> EXERCISE DIRECTIONS
Your task is to output the listing exactly, leaving every image out.

> INFORMATION SUPPLIED
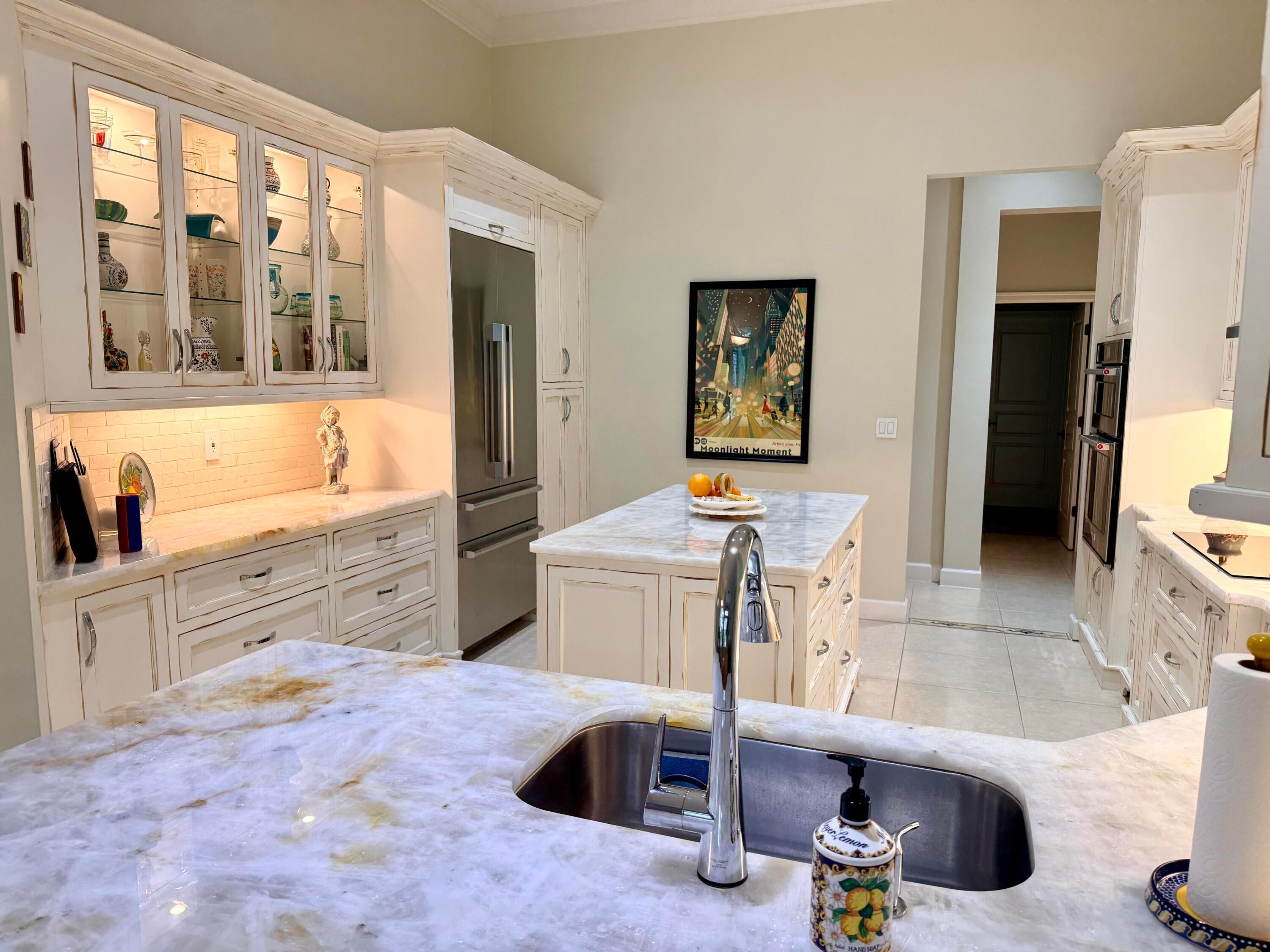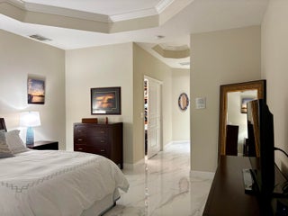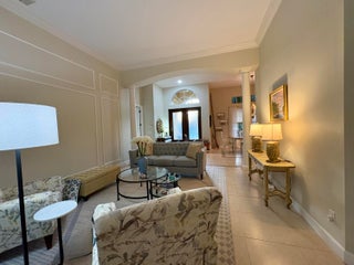 Beautifully renovated 4BR/3BA home in the gated community of The Vineyards in Port Saint Lucie, set on a quiet cul-de-sac with serene preserve views. A travertine-tiled entry and double impact-rated glass doors create a striking first impression. Inside, formal living and dining areas give an elegant welcome and flow to sliding glass doors opening to the outdoor living space. The remodeled kitchen features custom cabinetry, quartzite countertops, new appliances, and a Signature 36-inch counter-depth refrigerator. A separate bar area includes matching cabinetry and quartzite counters. Tile flooring throughout, including a spacious primary suite with 2'x4' porcelain tile, dual closets, and a fully redesigned bathroom. One guest bedroom has an en-suite bath, with two additional bedrooms
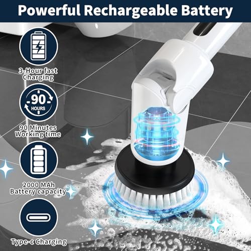 Electric Spin Scrubber - Cordless Cleaning Brush with Digital Display, 2 Speeds, 8 Brush Heads, IPX7 Waterproof, Adjustable Long Handle for Bathroom, Tub, Tile, Shower, and Car
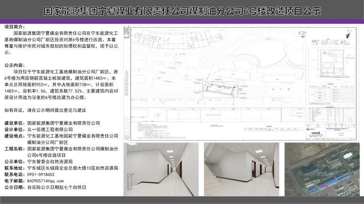 国家能源集团宁夏煤业有限责任公司煤制油分公司6号楼改造项目规划批前公示图
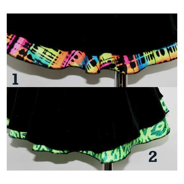 Fun double Skating skirt with panties, black velvet top skirt + colourful underkirt. Limited edition

> SOLUTION BELOW
 Beautifully renovated 4BR/3BA home in the gated community of The Vineyards in Port Saint Lucie, set on a quiet cul-de-sac with serene preserve views. A travertine-tiled entry and double impact-rated glass doors create a striking first impression. Inside, formal living and dining areas give an elegant welcome and flow to sliding glass doors opening to the outdoor living space. The remodeled kitchen features custom cabinetry, quartzite countertops, new appliances, and a Signature 36-inch counter-depth refrigerator. A separate bar area includes matching cabinetry and quartzite counters. Tile flooring throughout, including a spacious primary suite with 2'x4' porcelain tile, dual closets, and a fully redesigned bathroom. One guest bedroom has an en-suite bath, with two additional bedrooms
 Electric Spin Scrubber - Cordless Cleaning Brush with Digital Display, 2 Speeds, 8 Brush Heads, IPX7 Waterproof, Adjustable Long Handle for Bathroom, Tub, Tile, Shower, and Car
 国家能源集团宁夏煤业有限责任公司煤制油分公司6号楼改造项目规划批前公示图
 Fun double Skating skirt with panties, black velvet top skirt + colourful underkirt. Limited edition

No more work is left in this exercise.